# Orange Beach Billfish Classic



## JoeZ (Sep 30, 2007)

Done Deal out of Homa, La has a 107 inch blue onboard and will be bringing it in tonight at the Wharf. 

Chris Phillips and I will be the emcees for this great charity event benefiting The Billfish Foundation and it should be a great weekend at the scales if this early report is any indicator.

20 boats entered and are vying for about $400,000 in cash!


----------



## JoeZ (Sep 30, 2007)

Oops.

Scales open 7-10 tonight and 6-10 tomorrow night.

http://orangebeachbillfishclassic.com/


----------



## bigtallluke (Jul 14, 2012)

Those boys on the Done Deal know how to put fish on the deck!! I'm still talking about their 783 lb marlin from last years tournament held at Baytown Wharf in SanDestin. Wish I could get over there this weekend to watch the weigh ins


----------



## JoeZ (Sep 30, 2007)

Nobody brought anything in today as the 107 on Done Deal was closer to Texas than Alabama at the time. Two tagged and released and a couple tuna reported.

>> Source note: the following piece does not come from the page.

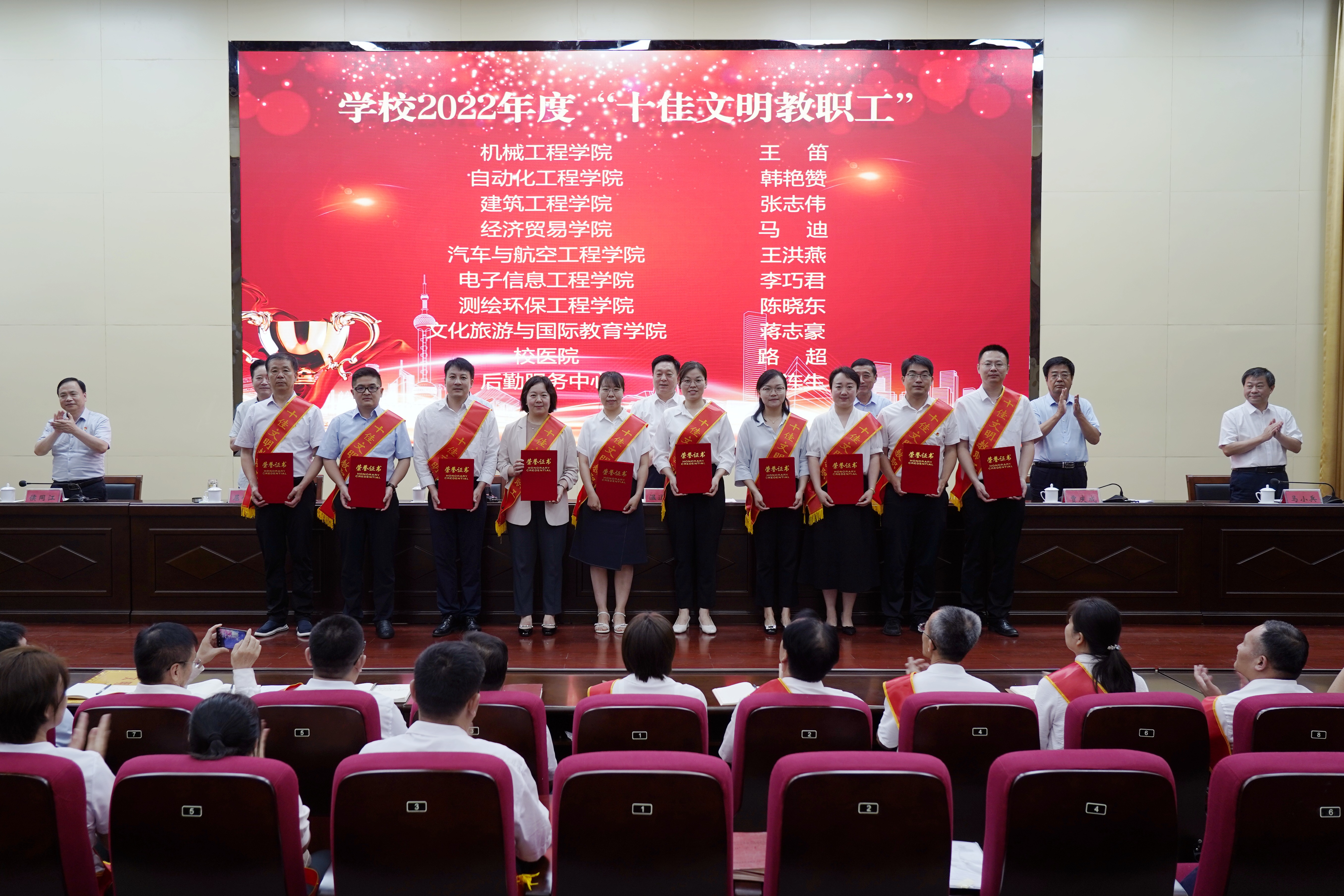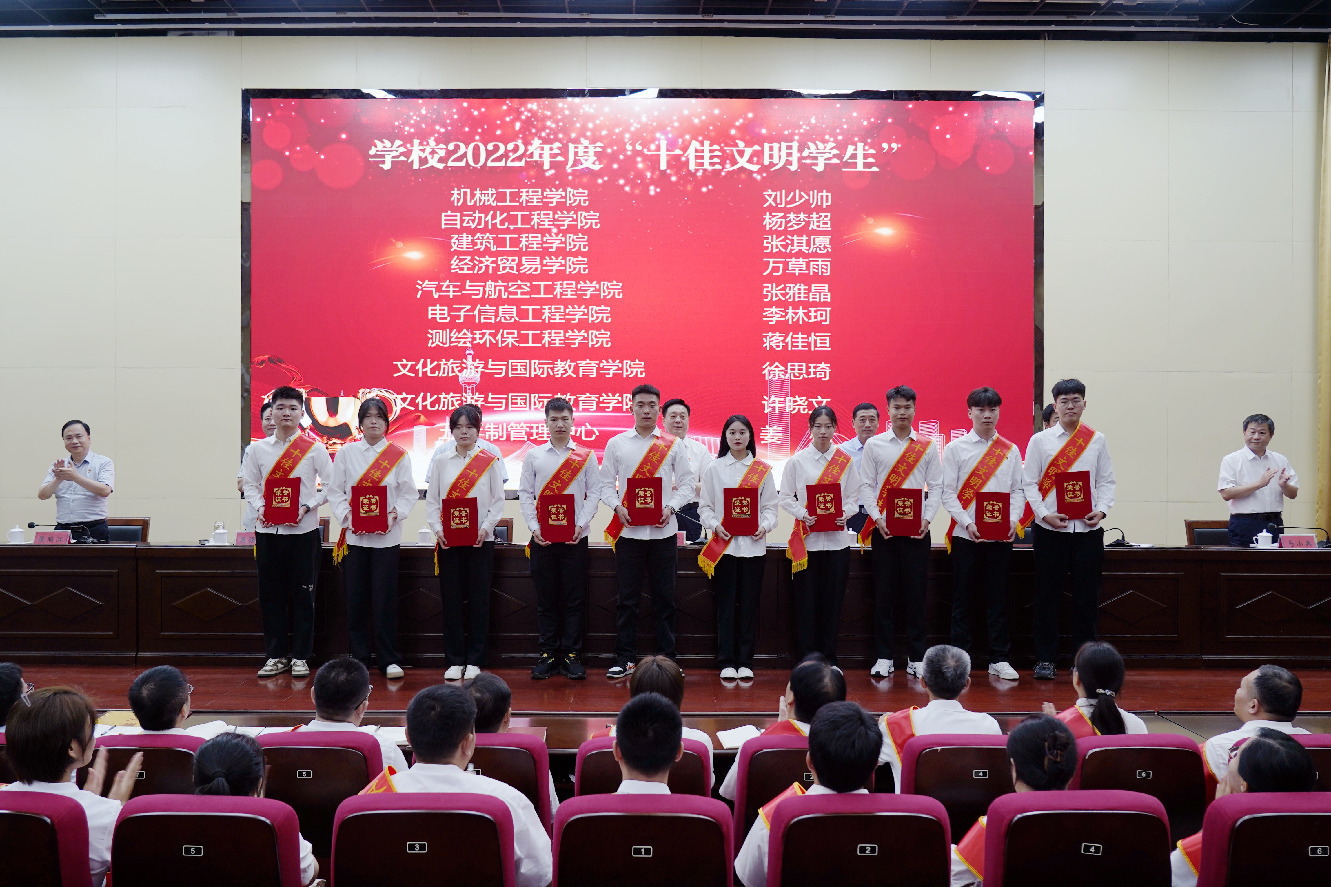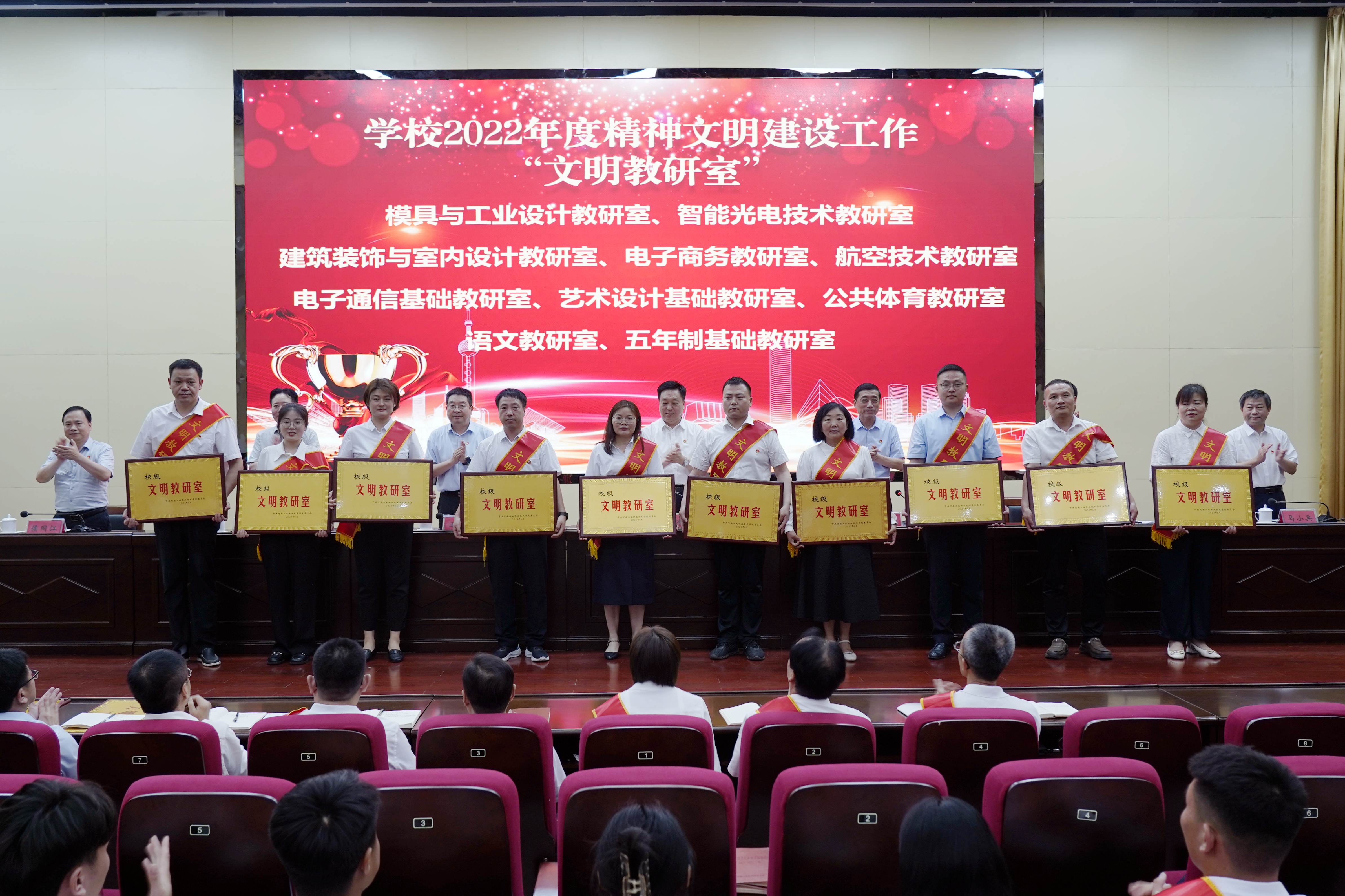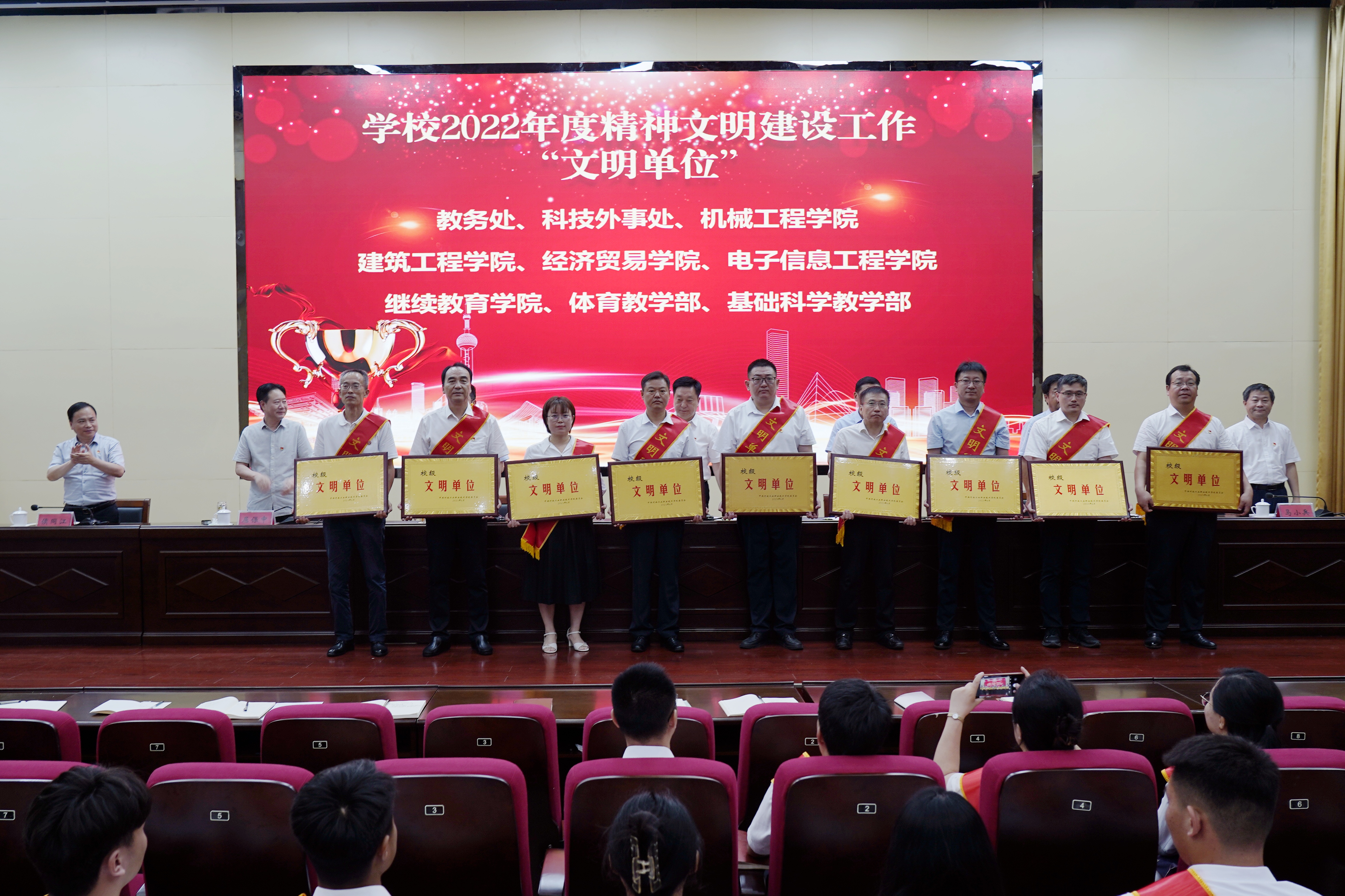 会上,副校长贾庆成宣读了学校《关于表彰2022年度精神文明建设工作文明集体、文明个人的决定》《关于表彰2022年度“十佳文明教职工”“十佳文明学生”的决定》。出席会议的校领导向荣获“文明单位”“文明教研室”代表、“十佳文明教职工”“十佳文明学生”颁发了奖牌和证书。

Tomorrow should be busy. Scales 6-10 p.m. at The Wharf.


----------



## JoeZ (Sep 30, 2007)

408 pounds and change on the Done Deal. 

Iona Louise had 144 tuna. 

Can't recall the hoo and dolphin right now but they mahi was 40 something, not much to the wahoo.


----------



## bigtallluke (Jul 14, 2012)

Nice! Thanks for the report. I bet that was a good time at the scale last night... Wish I could have driven over.


----------



## Fish N Tales (Jun 14, 2012)

Man those guys dominate! Who was the angler?


----------



## JoeZ (Sep 30, 2007)

Jon Gouslin - the owner of Done Deal - was the angler. It's not that often he gets to hang one so it was pretty cool. They were pumped up for sure.


----------



## Deeplines (Sep 28, 2007)

The Iona Louise, isnt thst Woody's boat?


----------